<<<<

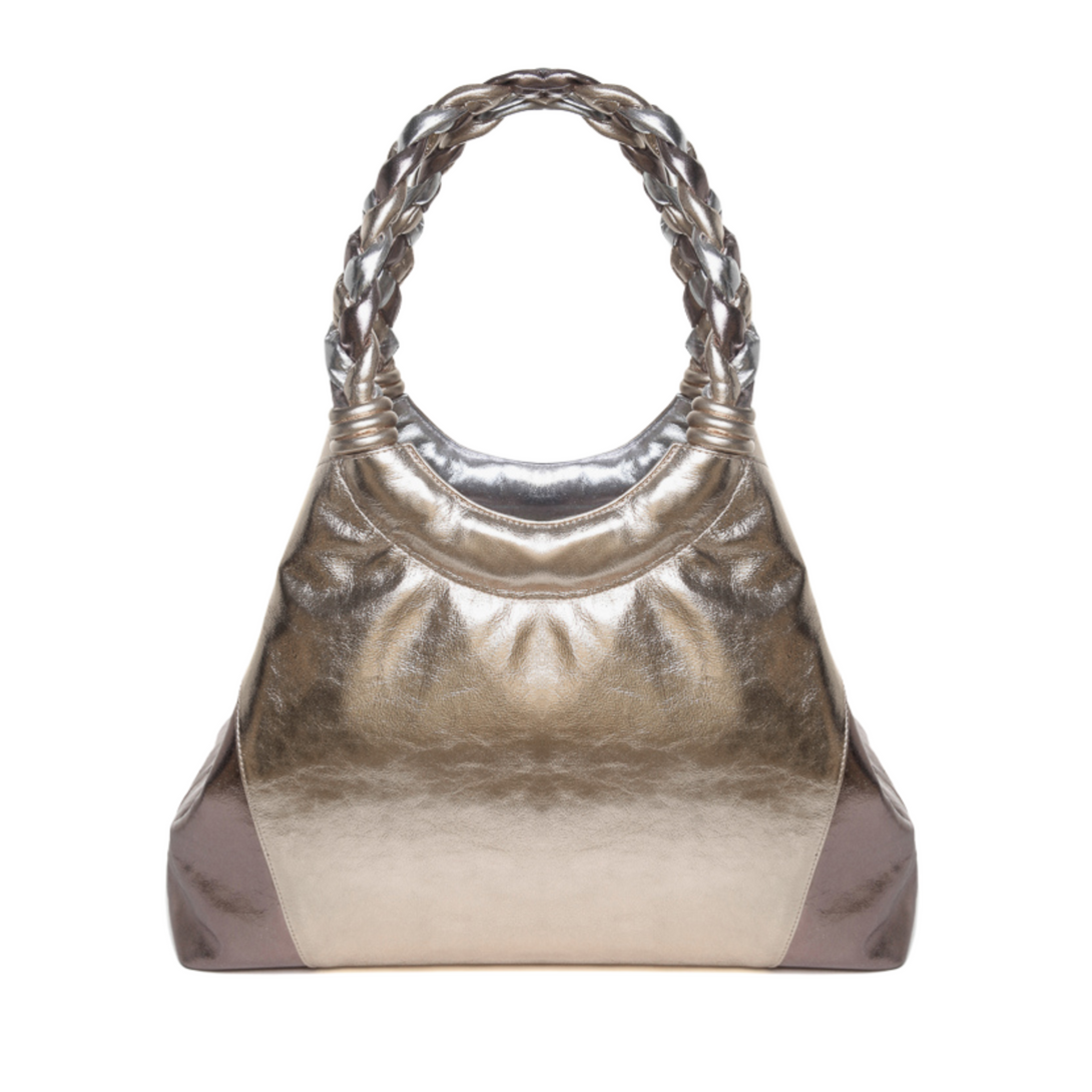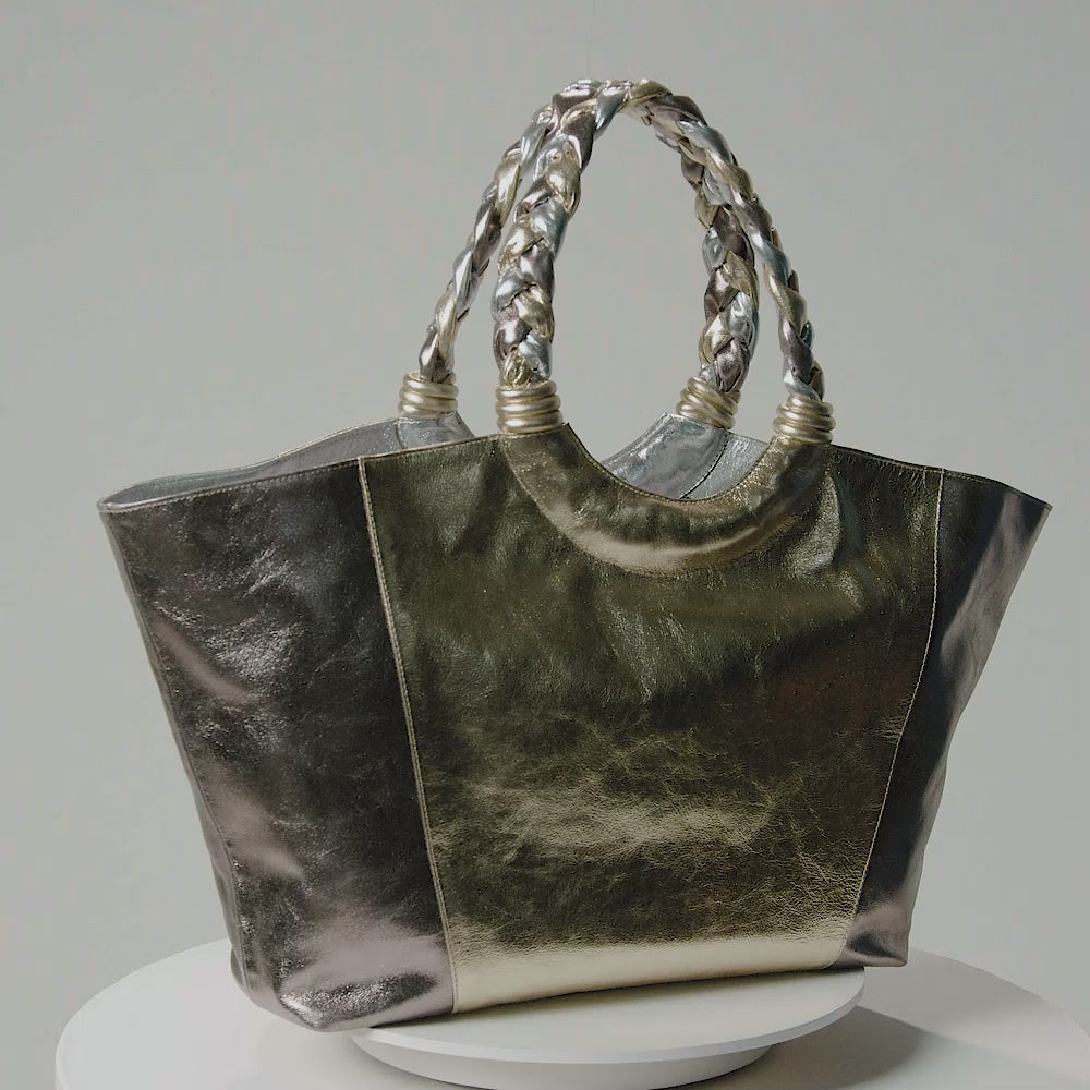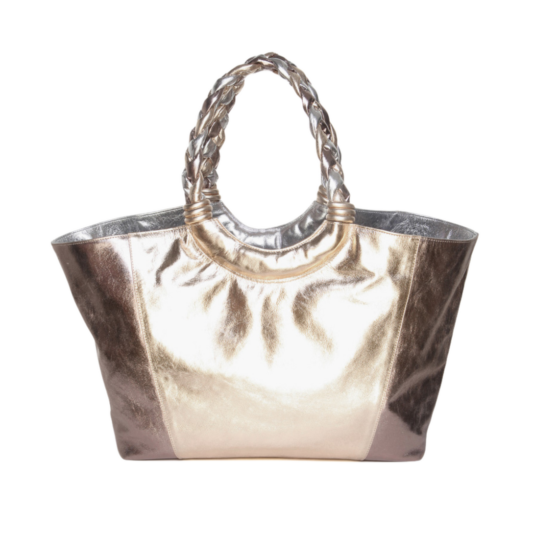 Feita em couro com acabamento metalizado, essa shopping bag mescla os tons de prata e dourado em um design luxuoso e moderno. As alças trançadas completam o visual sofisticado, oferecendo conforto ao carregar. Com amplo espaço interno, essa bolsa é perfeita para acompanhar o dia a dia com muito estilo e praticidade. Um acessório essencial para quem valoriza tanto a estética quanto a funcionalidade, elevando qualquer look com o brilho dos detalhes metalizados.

>>>>
<<<<

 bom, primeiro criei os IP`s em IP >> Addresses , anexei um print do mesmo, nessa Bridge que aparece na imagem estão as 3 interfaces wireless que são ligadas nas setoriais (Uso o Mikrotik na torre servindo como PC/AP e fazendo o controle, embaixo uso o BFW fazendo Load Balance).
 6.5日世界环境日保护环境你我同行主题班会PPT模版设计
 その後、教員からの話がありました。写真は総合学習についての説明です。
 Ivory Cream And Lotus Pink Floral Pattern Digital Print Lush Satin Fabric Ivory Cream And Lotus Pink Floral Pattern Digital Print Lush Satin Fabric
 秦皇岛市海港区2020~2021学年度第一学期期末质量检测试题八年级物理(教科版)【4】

>>>>

__Work instruction__
Reproduce verbatim only the segment of the listing bounded by the line containing "bom, primeiro criei" and the line containing "秦皇岛市海港区2020~20", with both boundary lines included.

__Output for this task__
 bom, primeiro criei os IP`s em IP >> Addresses , anexei um print do mesmo, nessa Bridge que aparece na imagem estão as 3 interfaces wireless que são ligadas nas setoriais (Uso o Mikrotik na torre servindo como PC/AP e fazendo o controle, embaixo uso o BFW fazendo Load Balance).
 6.5日世界环境日保护环境你我同行主题班会PPT模版设计
 その後、教員からの話がありました。写真は総合学習についての説明です。
 Ivory Cream And Lotus Pink Floral Pattern Digital Print Lush Satin Fabric Ivory Cream And Lotus Pink Floral Pattern Digital Print Lush Satin Fabric
 秦皇岛市海港区2020~2021学年度第一学期期末质量检测试题八年级物理(教科版)【4】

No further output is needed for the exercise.